Because children in this world are hungry.
Because wars wage across the face of the earth.
Because people die.
And that is why Jesus calls Mary’s name; that is why God calls our names. Because he walked out of the tomb to bear witness to the fact that death does not have the final say. That God has unleashed a new creation with the Resurrection of Jesus.
“Mary”, he calls out. She turns around, away from the empty tomb, away from her tears, away from discarded grave clothes, and toward the living Christ.
But she can’t hang on to him in that moment. Because the story is still unfolding. There is work to do. She is instructed to proclaim the Resurrection to a hurting world, where people weep and suffer and worry. She is instructed to proclaim the good news of the resurrection and she does.
“I have seen the Lord!”
We’re gathered here 2,000 years later because this woman told people when she saw God.
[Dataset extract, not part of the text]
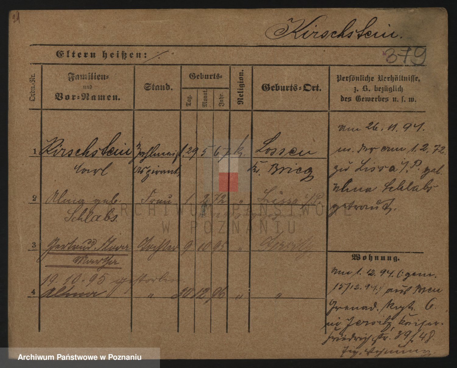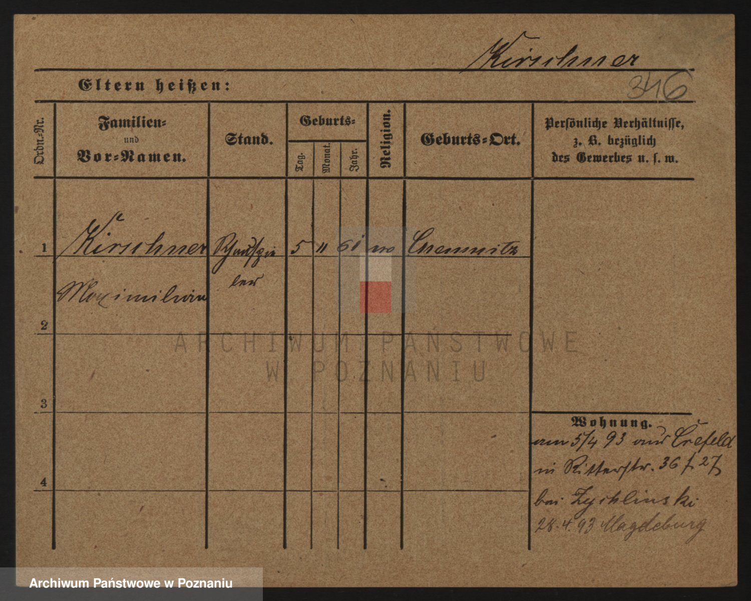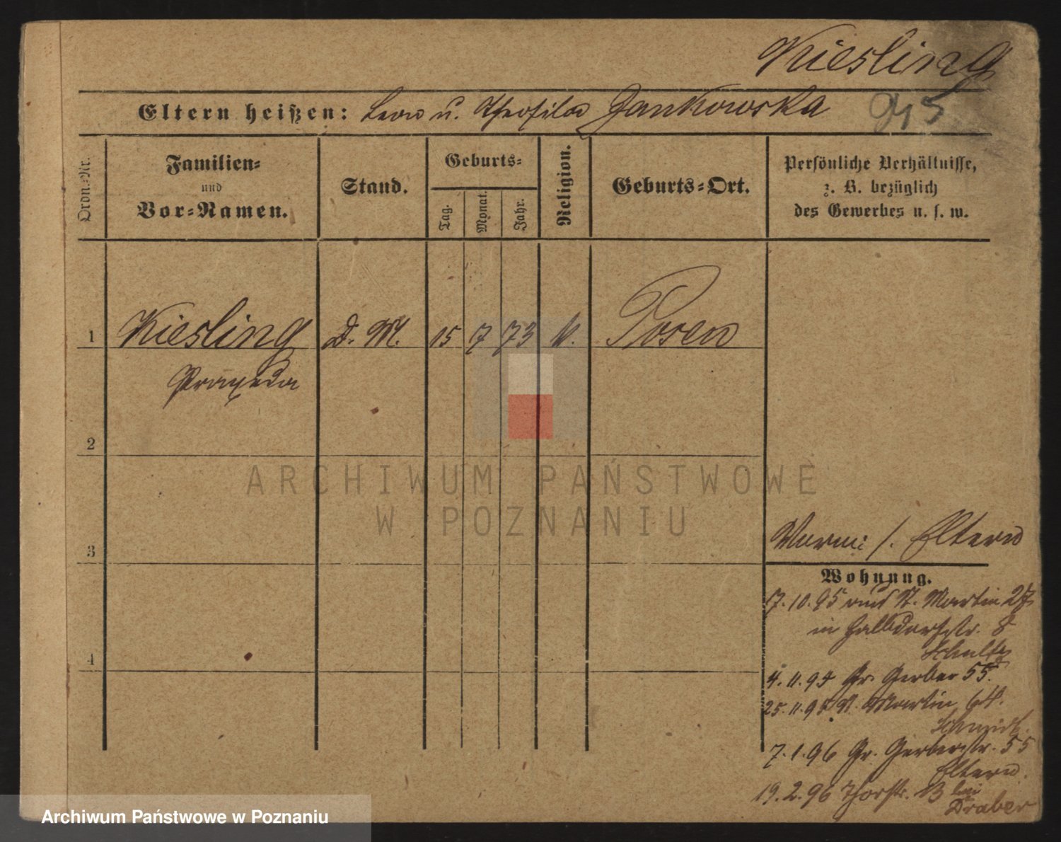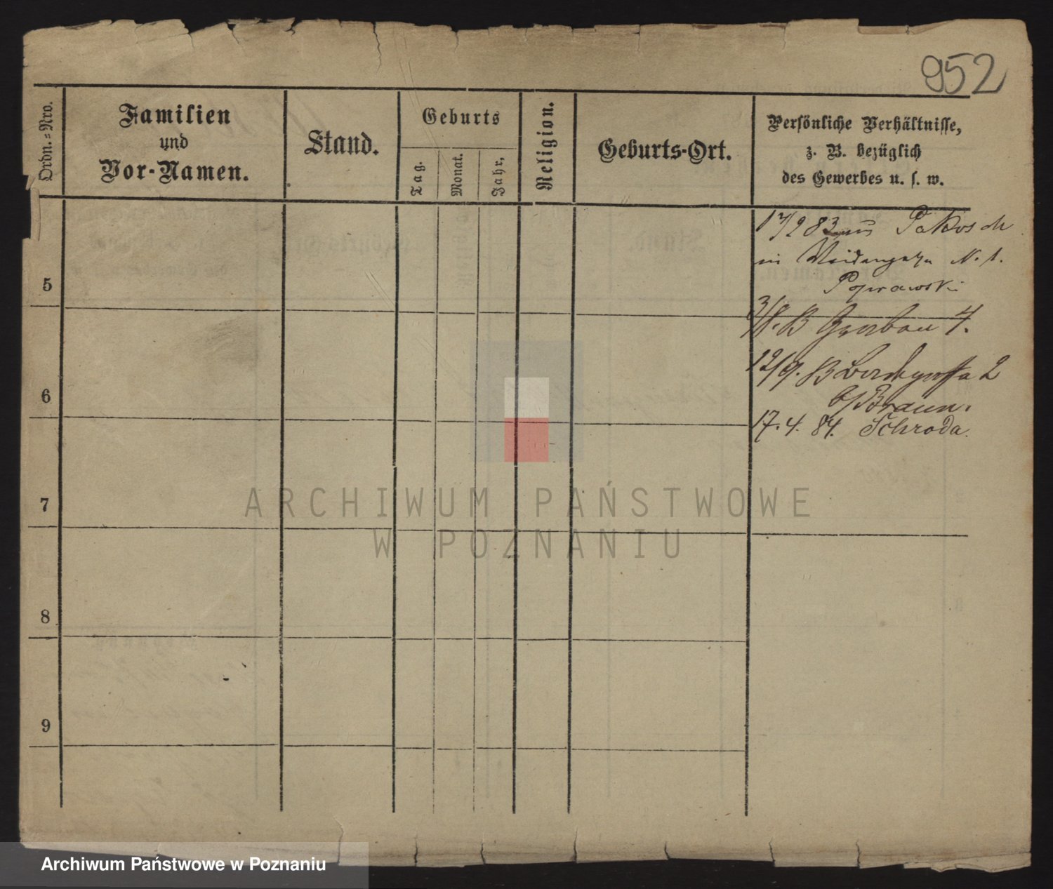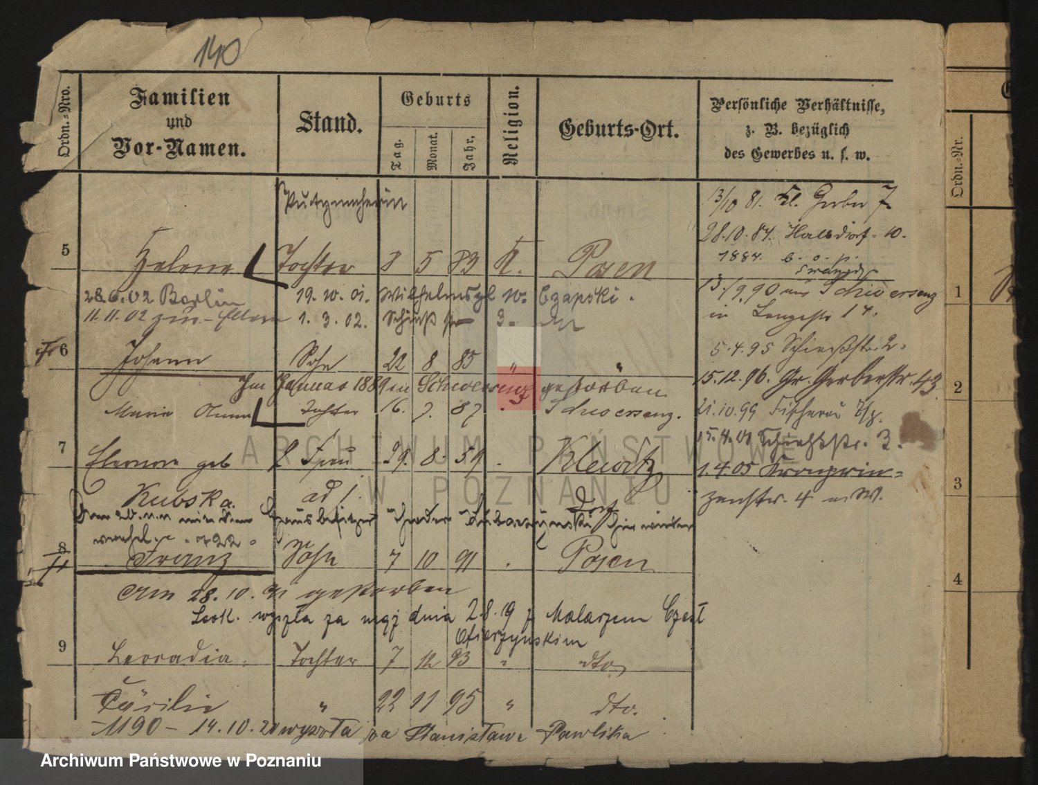 Podgląd karty osobowej dostępny jest po kliknięciu na nazwisko lub ikonkę karty. Można dokonywać powiększenia (ikony na górze) lub przechodzić między kolejnymi skanami (strzałki po bokach).

It matters that you tell people when you have seen God, because all these years later, we’re still telling her story, even though in this text, at least, Mary’s best qualification for the job of evangelist seems to be that she recognized his voice when he called her name.
And so, like Mary, the church is called to bear witness to where we have seen God.
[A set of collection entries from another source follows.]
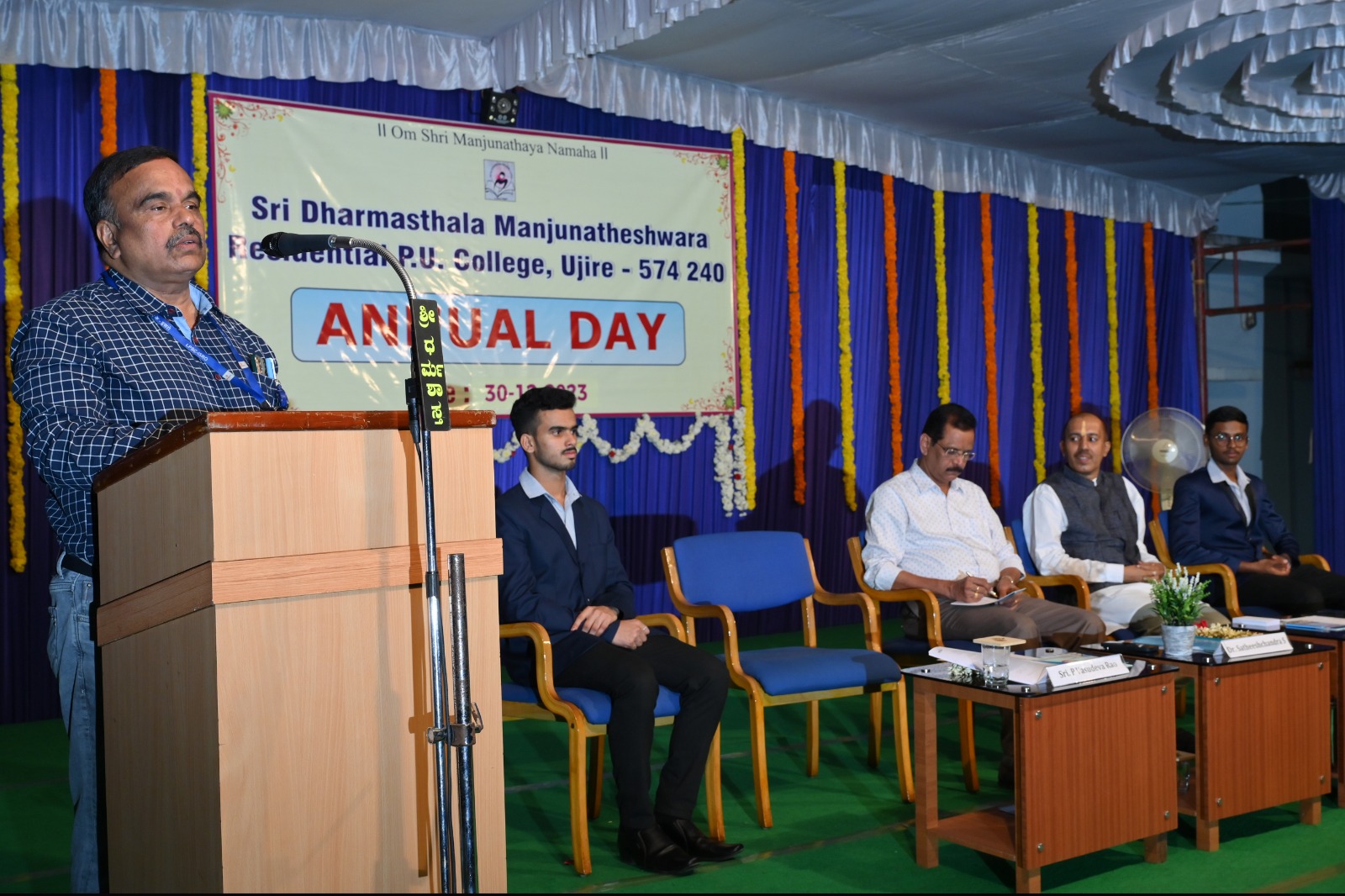 ವೇದಿಕೆಯಲ್ಲಿ ಉಪಸ್ಥಿತರಿದ್ದ ಕಾಲೇಜಿನ ಪ್ರಾಂಶುಪಾಲರಾದ ಶ್ರೀ ಸುನಿಲ್ ಪಂಡಿತ್ ರವರು ಕಾಲೇಜಿನ ವಾರ್ಷಿಕ ವರದಿಯನ್ನು ವಾಚಿಸಿದರು. ಕಾಲೇಜಿನ ವಿದ್ಯಾರ್ಥಿ ನಾಯಕ ಹರ್ಷಿತ್ ಎ. ವಿ. ಹಾಗೂ ಕಾರ್ಯದರ್ಶಿ ವರುಣ್ ಕುಮಾರ್ ಹೆಚ್.ಎಲ್ ವೇದಿಕೆಯಲ್ಲಿ ಉಪಸ್ಥಿತರಿದ್ದರು.
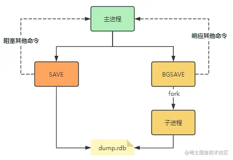 SAVE:主线程操作,同步执行,会阻塞其它命令的执行。执行[save]命令时,RDB快照生成如果时间过长,后续请求会被阻塞,客户端新发送所有命令都会被拒绝。因此在生产环境中要谨慎使用该命令,避免影响服务的正常运行。
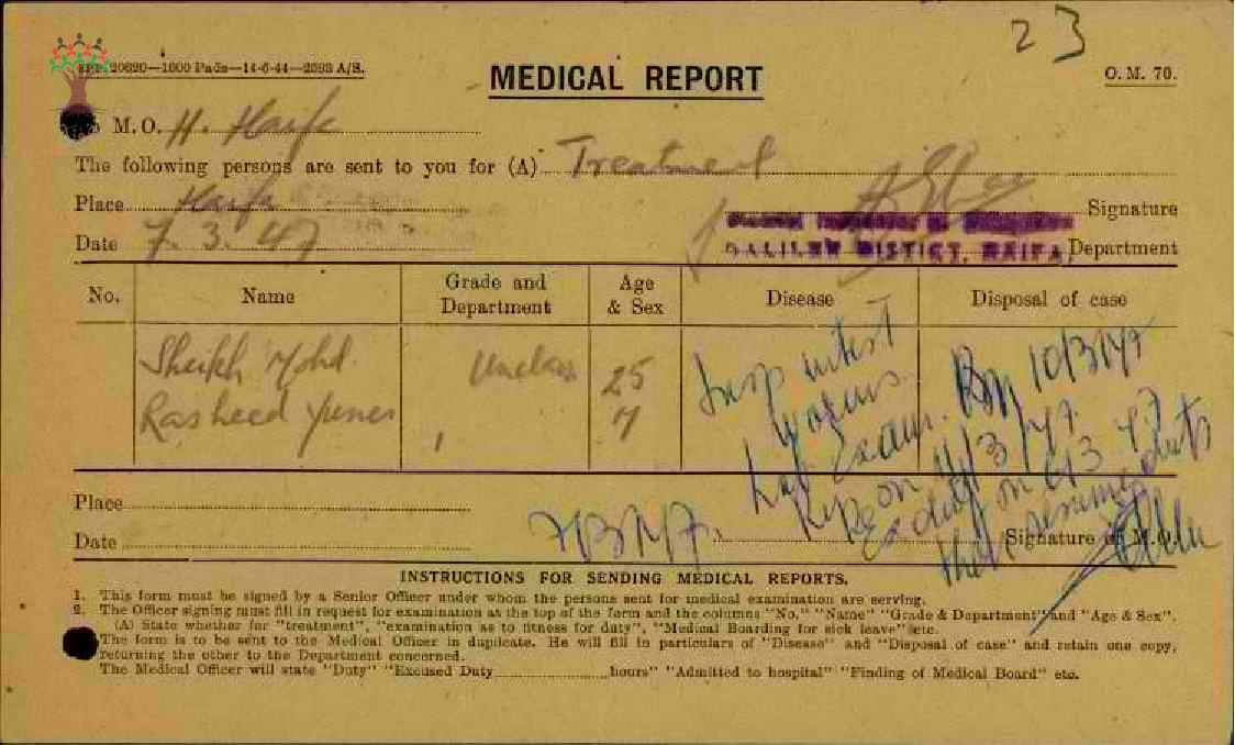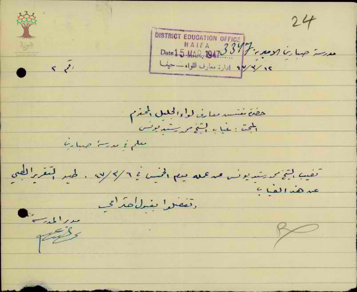 رسالة من مدير مدرسة صبارين إلى مفتش المعارف يبحث معه غياب المعلم محمد رشيد يونس مرفقاً التقرير الطبي(12/3/1947)

Just as Mary couldn’t hang on to the resurrected Jesus in the garden, we can’t leave it there either. Because God’s new creation is still in process and there is a world out there that needs to hear a message of hope instead of the world’s message of fear and anxiety. We can’t just stop on Easter morning. We have Good News to share!
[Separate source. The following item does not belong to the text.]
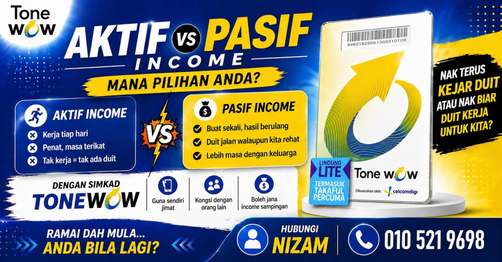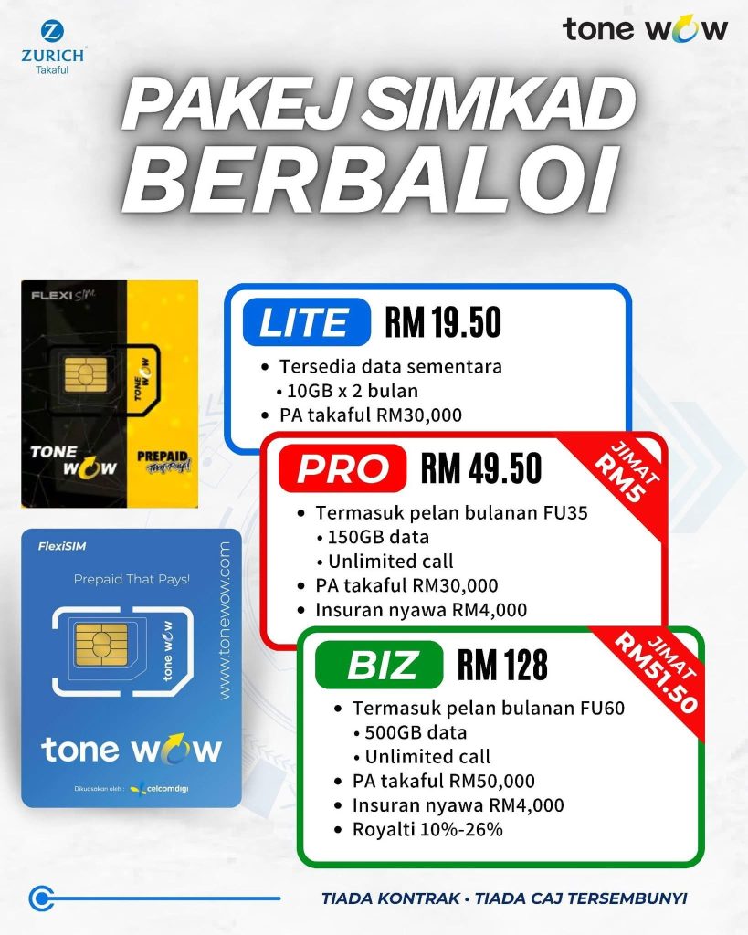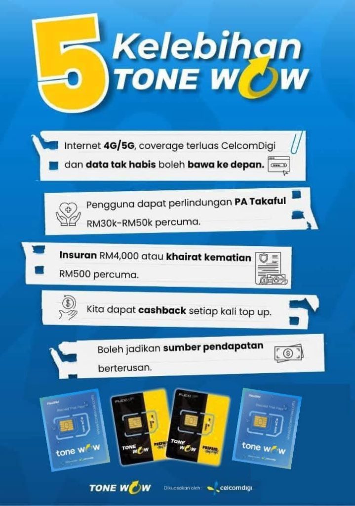 Inilah kehebatan program Tone Wow. Anda bukan sekadar menggunakan simkad dengan liputan 4G/5G yang luas, malah anda sedang membina empayar pendapatan pasif yang:
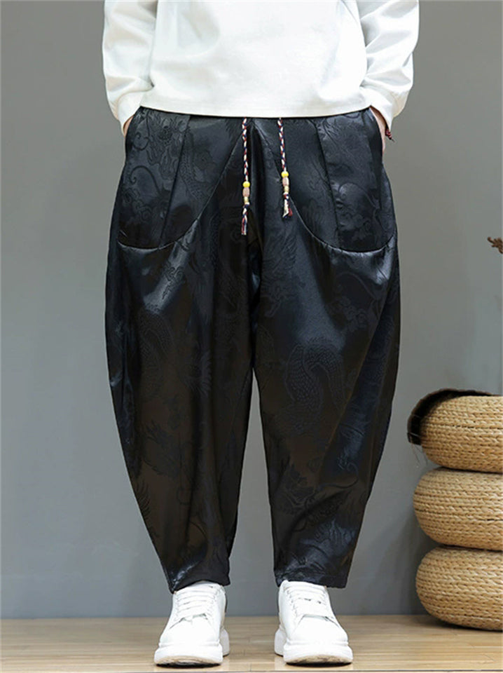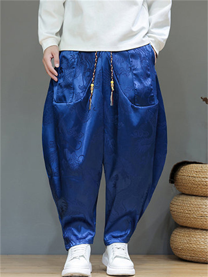Men's Chinese Style Trendy Loong Print Wide-leg Bloomers Pants

The prophet Isaiah also gives us a glimpse of this new creation, this world God is bringing about. Isaiah was speaking to people who knew about exile, so he describes a world where you, and not some Assyrian invader, get to eat the crops you plant. A world where you get to live in the house you built. A world where children will not be born for calamity, but will live good and long lives—where a 100 year old person will be considered a teenager.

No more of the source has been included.